Я молчу. Старый доктор говорит, в общем-то, знакомые и бесспорные слова, но говорит он их так, что мне кажется, это моя собственная совесть мне это говорит, а знакомые слова наполняются вдруг особым, свежим и мудрым смыслом.
— Опять заболтался, — виновато говорит Валериан Афанасьевич и машет пухлой рукой. — Простите великодушно. Деловой человек, минута небось на счету, а я вас тут… А! Так адресок Нинин запишете?
— Обязательно. Он у вас с собой?
— Именно что. Я его, изволите ли видеть, в книжечку себе переписал. Вдруг, думаю, пригодится. И вот как раз…

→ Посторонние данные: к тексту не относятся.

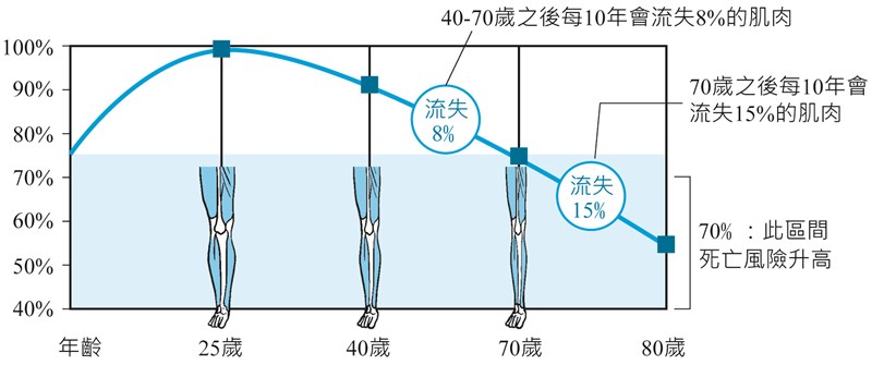 正視肌肉衰減症 文/白小良(美國紐約市立社區大學兼任助理教授) |2023.07.29 語音朗讀 1663觀看次 字級 大 中 小 肌肉衰減的主要治療方法之一是運動,特別是阻力訓練或重力訓練(強力運動)。圖/123RF圖2:肌肉質量隨著年齡流失:30歲之後每10年流失3-8%的肌肉,40-70歲之間每10年流失8%的肌肉,70歲之後每10年流失15%的肌肉。圖/時報出版提供圖1:正常vs肌肉衰減症的肌肉。圖/時報出版提供 文/白小良(美國紐約市立社區大學兼任助理教授)肌肉衰減症會對年長者的健康造成威脅,肌肉量的多寡,是影響年長者死亡風險高低的關鍵之一。雖然肌肉衰減是老化的自然現象之一,但還是可以靠著「正確的飲食習慣」和「規律運動」減緩肌肉流失速度。因跌倒導致骨折,大多數人會立即歸咎於骨質疏鬆症,卻忽略了肌肉衰減帶來的影響。以往對因老化隨之而來的慢性疾病以「三高」(高血壓、高血糖、高血脂症)為主,但近年來醫界注意到年長者肌肉衰減症的嚴重性已不小於三高。肢體肌肉對身體的功能性活動非常重要,例如從椅子上或車內座椅起身站起來、爬樓梯、提物品、抱孩子都需要肢體肌肉來主導。當肢體骨骼肌肉量與強度逐漸流失,會出現活力降低、身體變得虛弱、四肢功能下降、容易跌倒等,進而影響生活品質,甚至死亡。普遍認為「健身」是年輕人為了追求外貌塑身所從事的重量運動,和年長者無關。事實不然,鍛鍊肌肉絕不是年輕人的專利,年輕人的健身著重在上半身肌肉的塑造;而年長者更需要強健的肌肉質量來維持健康生活品質,尤其是腰部以下和下半身腿部的肌肉,務必避免肌肉量和功能的喪失。肌肉量多寡影響死亡風險「肌肉衰減症」是一種漸進性和全身性的骨骼肌肉流失,肌肉內細胞數量減少,所引起的一種緩慢退化過程。原因很多,包括運動神經元和肌肉纖維減少、合成代謝阻抗、肌肉再生受損(蛋白質的分解超過合成)、慢性低度炎症及睪丸激素降低等。肌肉衰減症盛行率會隨著年齡增加而上升,因此被定義為與年齡相關的骨骼肌質量和強度的非自願性喪失。其症狀包括肌肉強度和活動力下降、容易疲憊、身體機能差、無意識體重減輕。經常有人指出「衰老由腳開始」,步履蹣跚確實是衰老過程中肌肉衰減的明顯表徵。肌肉衰減症會對年長者的健康造成威脅,肌肉量的多寡,是影響年長者死亡風險高低的關鍵之一。肌肉衰減症除了容易跌倒,導致骨折,還有可能引發慢性疾病。台灣國家衛生研究院曾公布一項研究報告,全台灣每四名六十五歲以上年長者,就有一人因肌肉量不足,導致罹患高血壓、心臟病等慢性病的死亡風險,較同齡者高出近一倍。因此肌肉量是年長者對抗慢性病的本錢,若肌肉量不足,免疫力也會變弱,使得年長者更禁不起疾病的威脅。不僅年長者有肌肉衰減人體從出生到三十歲左右肌肉會變得愈來愈多、愈來愈強壯;但過了三十歲左右之後,肢體肌肉每年大約流失百分之一,這稱之為「肌肉衰減」。尤其是沒有運動習慣的人,其後每十年可能會減少多達百分之三到八的肌肉量。即使有運動習慣,仍然會有肌肉損失,只是比例較少、速度較慢(見圖1)。步入中年之後,身體組成會有明顯的變化,最明顯的是身體總蛋白質量減少。其中骨骼肌肉的衰減最為顯著。證據證明早在四十歲左右開始,骨骼肌質量和強度會明顯下降,到八十歲左右會流失多達百分之五十的質量。通常在七十五歲左右急速發生,但也可能提早在六十五歲或延遲至八十歲時加速(見圖2)。不僅是年長且瘦弱的人會有肌肉衰減症,許多體重超重或肥胖的人也有肌肉衰減症,因為體脂肪多,在視覺上不易察覺,但在功能活動上顯得虛弱。肌肉萎縮和肌肉衰減在定義上有所不同,肌肉萎縮是持續的不運動後(例如受傷後因使用支架加以固定),導致整個肌肉細胞流失。年長者肌肉衰減症的因素肌肉每天都不斷地在進行「分解」和「合成」,兩餐之間,尤其是飢餓狀態時,肌肉分解率較高,反之進餐後肌肉合成率較高,年長者在用餐之後肌肉的合成率較年輕人低。據研究,全身蛋白質組織轉換率一般為百分之三十,七十歲時轉換速率會下降到百分之二十或更少。此外,年長者在咀嚼和吞嚥上較困難,間接導致不易從飲食中攝取足夠的蛋白質。再者,一九七○年後營養、醫學及流行病學上不斷提出研究證據,顯示動物性食物因為含有較高量的飽和脂肪和膽固醇,與心臟血管疾病、肥胖、癌症等慢性疾病的形成有關,而這些慢性疾病普遍存在年長族群中,導致許多年長者無形中試圖減少飲食上蛋白質的攝取。當蛋白質攝取的量和質都無法補足兩餐之間的肌肉分解,日復一日體內的肌肉蛋白持續流失,會使得體力下滑、失去皮膚彈性、免疫功能下降,無法抵抗感染、傷口癒合不良,且生病時的恢復能力減弱。運動可以減緩肌肉衰減雖然肌肉衰減是老化的自然現象之一,但還是可以靠著「正確的飲食習慣」和「規律運動」減緩肌肉流失速度。肌肉衰減的主要治療方法之一是運動,特別是阻力訓練或重力訓練(強力運動)。這些活動使用重物或阻力帶增加肌肉力量和耐力,幫助肌肉神經系統發育,並刺激激素,例如生長激素合成和分泌。規畫阻力運動時需特別注意進行的次數、強度和頻率,如何在最低的受傷風險中獲得最大的益處。年長者尤其重要的是腿部和腰部的肌肉,鍛鍊腰力、腿力可以預防跌倒,也能

Он, сопя, лезет под халат и из кармана пиджака медленно извлекает старую, рассыпающуюся книжечку, стянутую тонким резиновым колечком, как коробочка с лекарством. Валериан Афанасьевич, сняв колечко, раскладывает книжку на столе перед собой. Многие из замусоленных страничек в ней приходится даже не перелистывать, а перекладывать. Видно, что служит эта книжица доктору с незапамятных времен. И еще я замечаю, как много фамилий в ней обведено неровной чернильной рамкой. Это все ушли от него друзья, наверное. У стариков много потерь.
Но вот Валериан Афанасьевич утыкается толстым пальцем в одну из Страничек своей книжки и не торопясь диктует мне адрес Нины Топилиной. То есть теперь уже не Топилиной, а, оказывается, Сорокиной.
Что же, надо срочно передать этот адрес в Подольск, Пете Шухмину и попросить его привезти Нину в Москву.
Я сердечно прощаюсь со старым доктором, заодно прошу разрешения воспользоваться телефоном, оказавшимся в кабинете, и звоню Кузьмичу.
Из поликлиники я еду в министерство. Там мне надо повидать Меншутина, Любу и ее подружек, причем с последними надо не просто повидаться, а побеседовать по душам.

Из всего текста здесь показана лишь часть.